ABOUT THIS EXERCISE. Would you please restate all of the entries exactly, apart from the pictures?

Stored items from a collection
- Opening Delimiter -

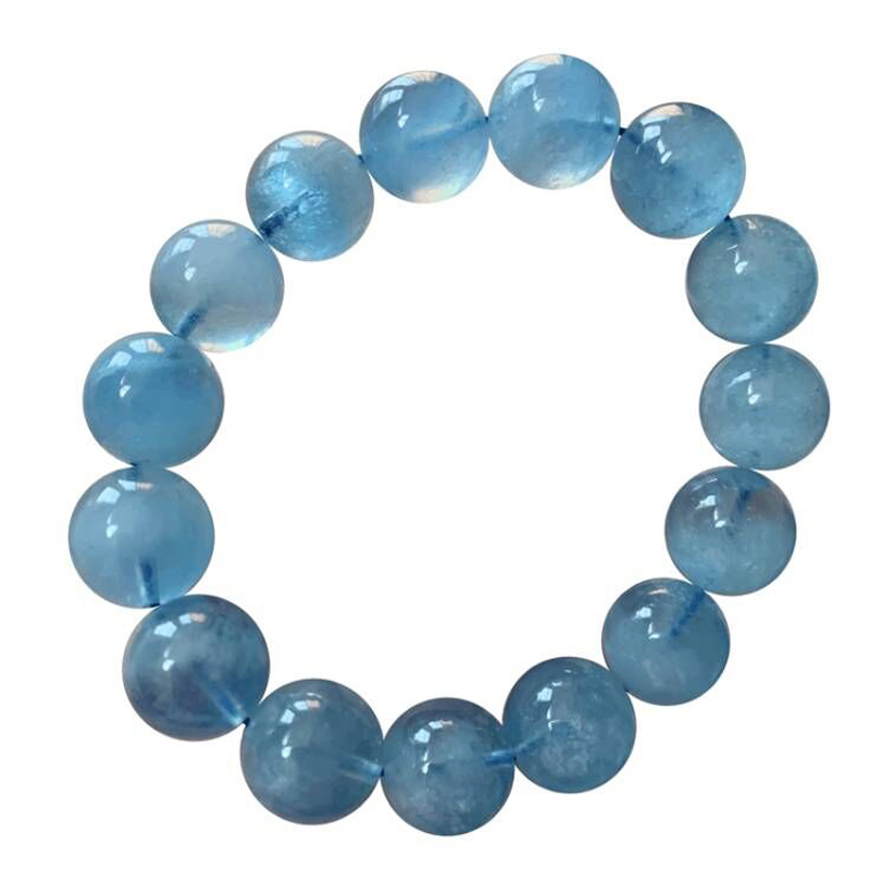 天然冰透海蓝宝单圈手链清透水晶润蓝色饰品绿柱石送礼物男女生款
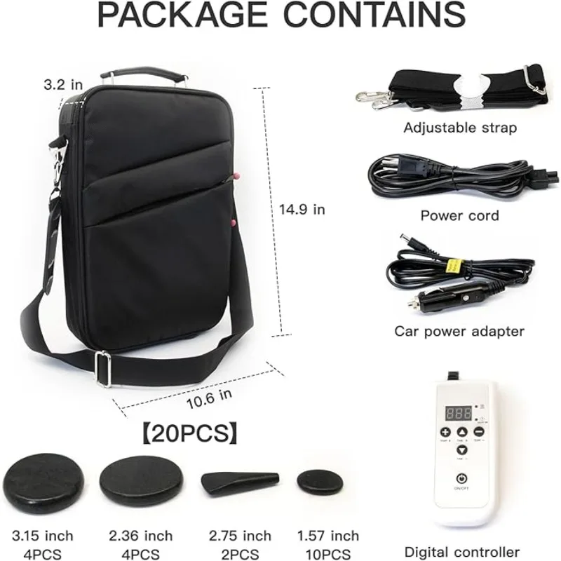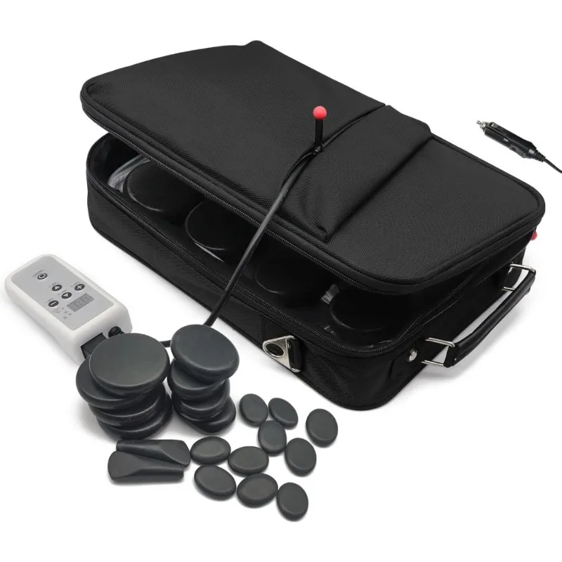 Professional 20-piece basalt hot stone massage set with electric heater. Portable stone warmer kit for spa therapy, muscle relaxation, and pain relief at home.
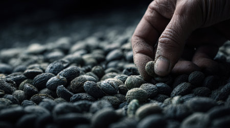 A hand carefully picks out a seed from a large pile of rough-surfaced seeds, highlighting the intricate details in a softly lit environment.
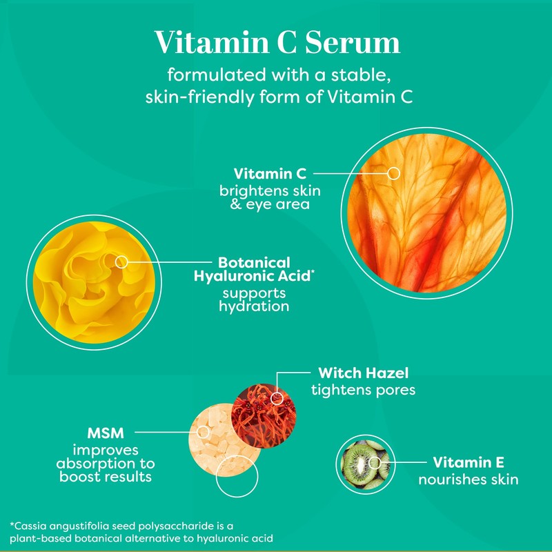- Start your day off right: Our Vitamin C serum for face blends Vitamin C with Hyaluronic Acid and MSM; this serum helps even skin tone, neutralize free radicals and boost collagen to improve radiance and reduce dark spots, fine lines and wrinkles
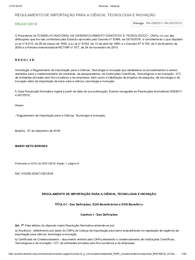 Revolt : RN009/2011 RN007/2012RN041/2018O President do CONSUELO NATIONAL DE DESENVOLVIMENTO SCIENTIFIC E TECNOLGICO
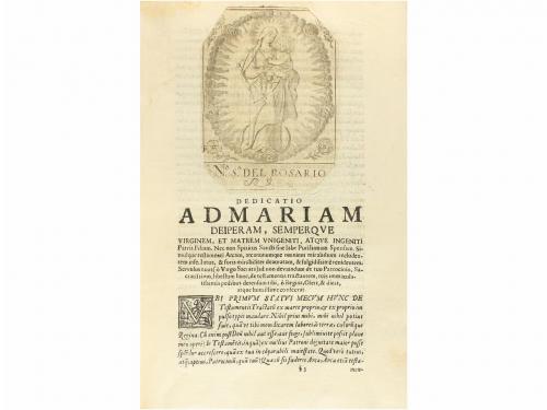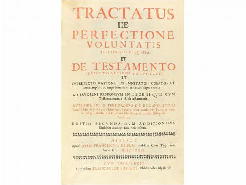 1676. LIBRO. (DERECHO). ESCAÑO, FERDINANDO DE:. TRACTATUS DE PERFECTIONE VOLUNTATIS TESTAMENTO REQUISITA ET DE TESTAMENTO PERFECTO RATIONE VOLUNTATIS... Hispali [Sevilla]: Apud Joan. Franciscum de Blas, cum privilegio, sumptibus Francisci de los Rios, Blibliopolae Hispalensis, 1676. 4º menor. Texto a dos columnas. 10 h.+ 312 p.+ 18 h. Portada dos tintas. Grabado calcográfico de la Virgen del Rosario. Enc. en pergamino flexible de época, con lomera rotulada. Segunda edición ampliada por el autor. F. Escaño (Sevilla 1630 ca.- Manila 1676 ca.) fue abogado oidor en Filipinas, donde además de ejercer dedicó tiempo a estudiar y fruto de ello dejó una obra destinada a explicar los requisitos necesarios para la ordenación del testamento y que gozó de mucha difusión en Europa y América.

- Closing Delimiter -

RESULT OF THIS EXERCISE.
 天然冰透海蓝宝单圈手链清透水晶润蓝色饰品绿柱石送礼物男女生款
 Professional 20-piece basalt hot stone massage set with electric heater. Portable stone warmer kit for spa therapy, muscle relaxation, and pain relief at home.
 A hand carefully picks out a seed from a large pile of rough-surfaced seeds, highlighting the intricate details in a softly lit environment.
- Start your day off right: Our Vitamin C serum for face blends Vitamin C with Hyaluronic Acid and MSM; this serum helps even skin tone, neutralize free radicals and boost collagen to improve radiance and reduce dark spots, fine lines and wrinkles
 Revolt : RN009/2011 RN007/2012RN041/2018O President do CONSUELO NATIONAL DE DESENVOLVIMENTO SCIENTIFIC E TECNOLGICO
 1676. LIBRO. (DERECHO). ESCAÑO, FERDINANDO DE:. TRACTATUS DE PERFECTIONE VOLUNTATIS TESTAMENTO REQUISITA ET DE TESTAMENTO PERFECTO RATIONE VOLUNTATIS... Hispali [Sevilla]: Apud Joan. Franciscum de Blas, cum privilegio, sumptibus Francisci de los Rios, Blibliopolae Hispalensis, 1676. 4º menor. Texto a dos columnas. 10 h.+ 312 p.+ 18 h. Portada dos tintas. Grabado calcográfico de la Virgen del Rosario. Enc. en pergamino flexible de época, con lomera rotulada. Segunda edición ampliada por el autor. F. Escaño (Sevilla 1630 ca.- Manila 1676 ca.) fue abogado oidor en Filipinas, donde además de ejercer dedicó tiempo a estudiar y fruto de ello dejó una obra destinada a explicar los requisitos necesarios para la ordenación del testamento y que gozó de mucha difusión en Europa y América.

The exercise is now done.